# Greetings.



## BenW (Nov 10, 2008)

This is my first night posting here, and it seems interesting enough that I may stick around.

I'm an INTP, with some fairly eccentric beliefs and interests, hopefully we will have some interesting conversations!

Well met, I hope.


----------



## Trope (Oct 18, 2008)

Well met indeed. You will be a good addition to the army of eccentrics that I've been amassing. 

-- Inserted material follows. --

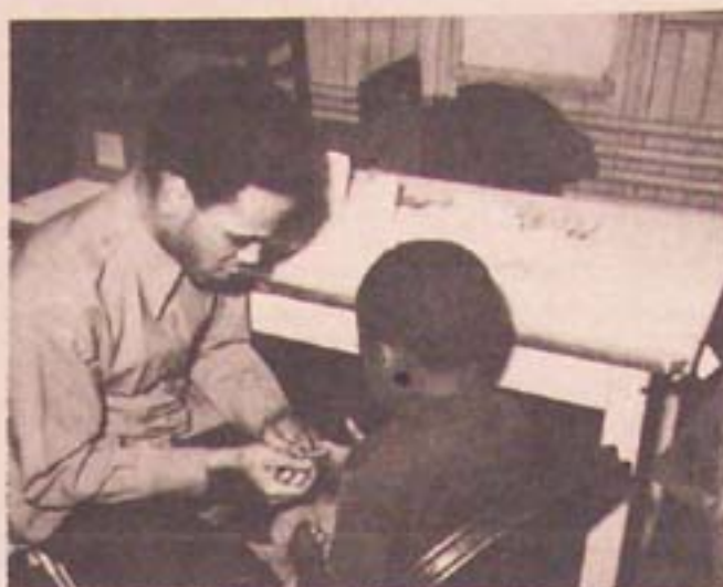
Members of the Black Panther Party (Illinois State Chapter) and community volunteers have, for nearly a year now, been waging a vigorous campaign to fight Sickle Cell Anemia. (Shown here screening and testing one of over 7,000 people, in the Chicago Area alone, who have benefitted from the free tests.)

Welcome to the PersonalityCafe.


----------



## Surreal Breakfast (Oct 24, 2008)

Welcome to PersonalityCafe


----------



## snail (Oct 13, 2008)

Can I be in the army of eccentrics, too, Trope? Pleeeeeeease?


----------



## Trope (Oct 18, 2008)

snail said:


> Can I be in the army of eccentrics, too, Trope? Pleeeeeeease?


Certainly snail. 

Surreal too, if he'll join. His ability to post nonsensical things is nearly unrivaled.


----------



## snail (Oct 13, 2008)

Yeah, Surreal Breakfast is a total nut. I find him amusing.


----------



## NephilimAzrael (Oct 26, 2008)

Welcome to the house of horrors and fluffly bunny wabbits.. Oh, wait no, that is down the street.. This is the personality cafe, ENJOY :happy:


----------



## Happy (Oct 10, 2008)

Greetings BenW! Welcome to personalitycafe! Thank you very much for joining our forums. The forum has been opened for 3 weeks and let me tell you that we have numerous threads that you can participate in that have interesting conversation.:wink:


----------



## dritalin (Nov 6, 2008)

welcome aboard


----------



## Nightwine (Nov 11, 2008)

Greetings! :happy:


----------



## de l'eau salée (Nov 10, 2008)

Welcome!  
Haha, it seems like this site is pretty much all INFPs, INFJs, and INTPs, hehe


----------



## Surreal Breakfast (Oct 24, 2008)

Trope said:


> Certainly snail.
> 
> Surreal too, if he'll join. His ability to post nonsensical things is nearly unrivaled.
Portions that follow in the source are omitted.